YOUR TASK:
Here is the task for the listing below: output exactly the lines from the one containing "Ucapan Hari Raya" through the one containing "Nice little book", and leave out the pictures.

PROVIDED MATERIAL:
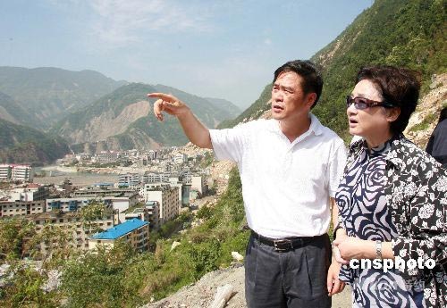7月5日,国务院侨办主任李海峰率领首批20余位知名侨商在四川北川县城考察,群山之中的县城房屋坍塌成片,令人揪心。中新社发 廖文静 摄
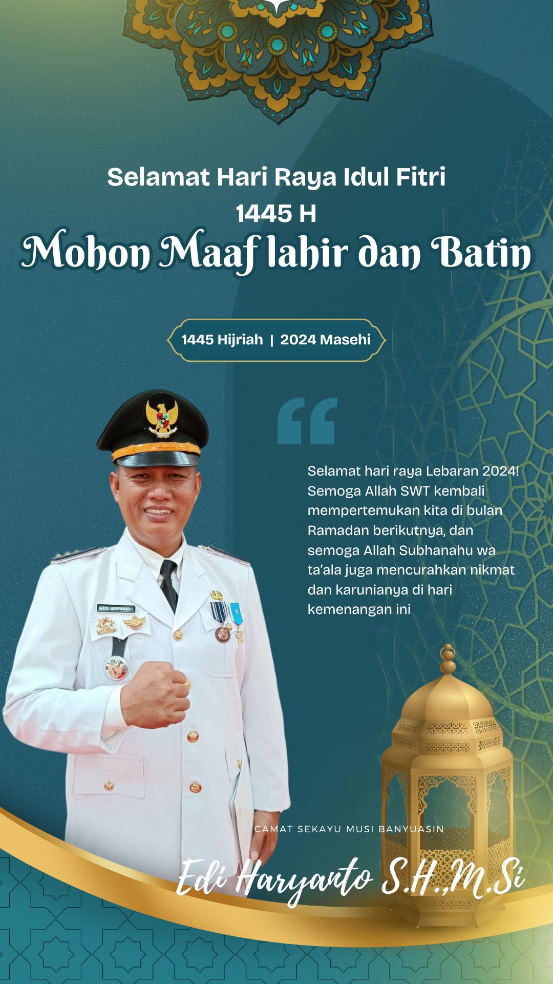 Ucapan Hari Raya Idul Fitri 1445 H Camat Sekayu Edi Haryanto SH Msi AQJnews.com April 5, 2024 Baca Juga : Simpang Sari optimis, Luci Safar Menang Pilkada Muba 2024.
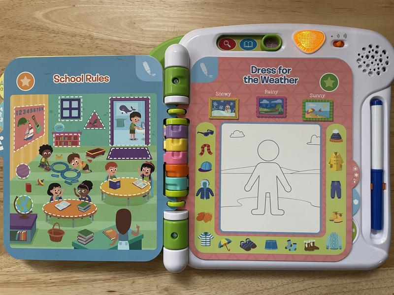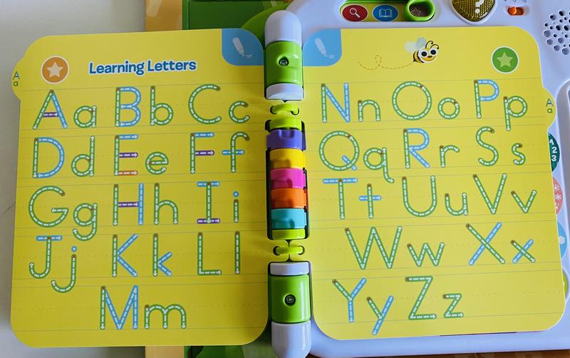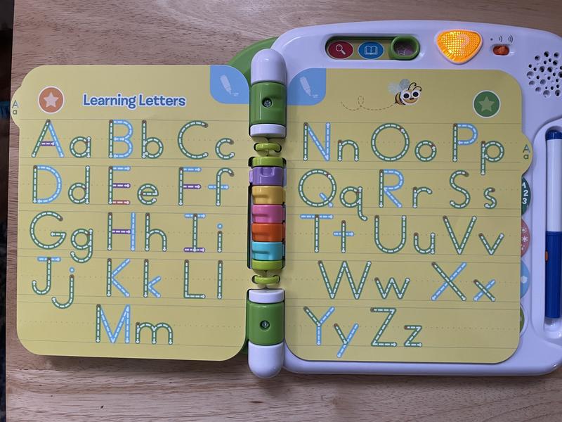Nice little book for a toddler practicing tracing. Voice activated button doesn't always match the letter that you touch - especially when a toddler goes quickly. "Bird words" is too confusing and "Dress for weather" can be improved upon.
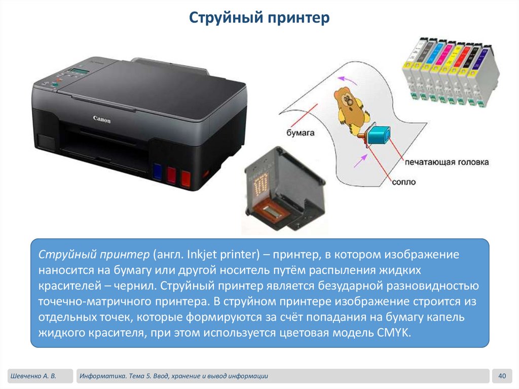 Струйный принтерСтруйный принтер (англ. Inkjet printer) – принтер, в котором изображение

==

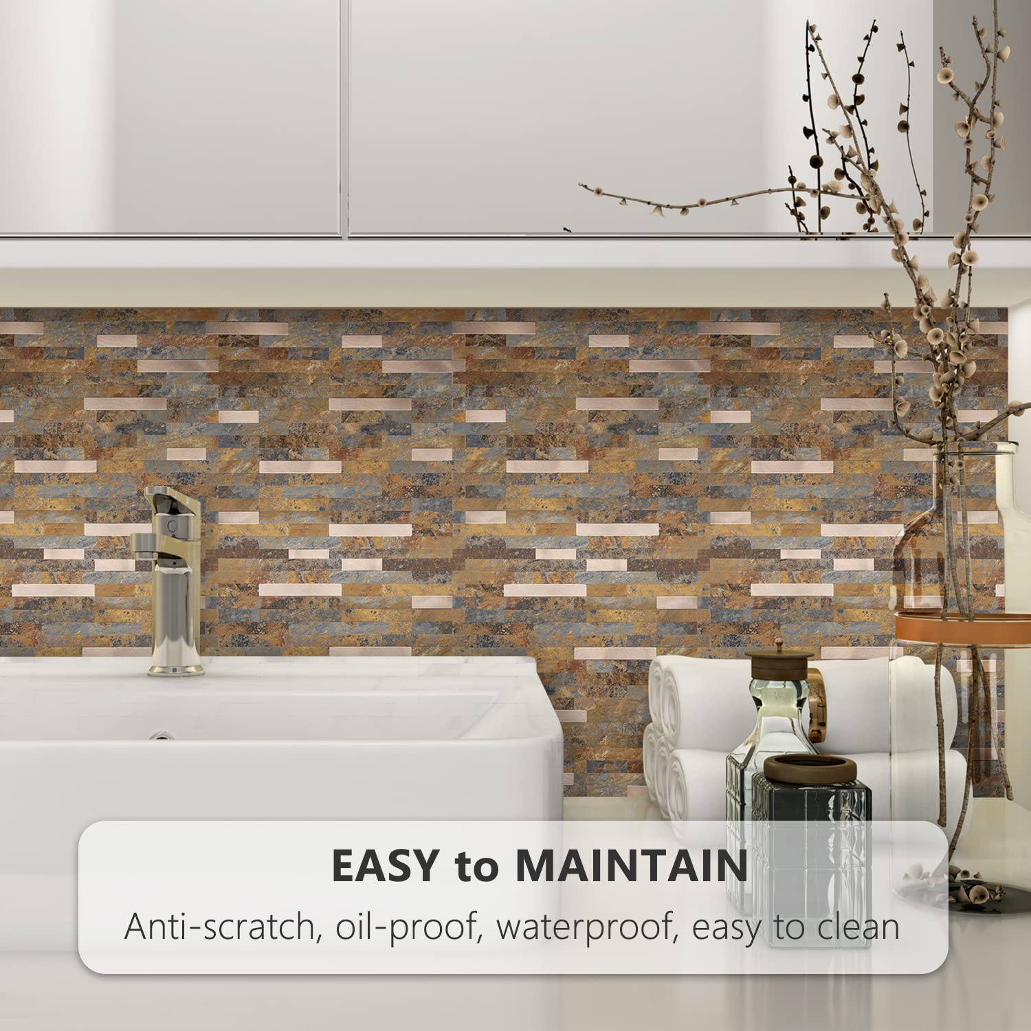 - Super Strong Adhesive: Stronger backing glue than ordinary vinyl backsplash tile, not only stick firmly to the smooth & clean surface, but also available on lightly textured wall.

YOUR RESPONSE:
 Ucapan Hari Raya Idul Fitri 1445 H Camat Sekayu Edi Haryanto SH Msi AQJnews.com April 5, 2024 Baca Juga : Simpang Sari optimis, Luci Safar Menang Pilkada Muba 2024.
Nice little book for a toddler practicing tracing. Voice activated button doesn't always match the letter that you touch - especially when a toddler goes quickly. "Bird words" is too confusing and "Dress for weather" can be improved upon.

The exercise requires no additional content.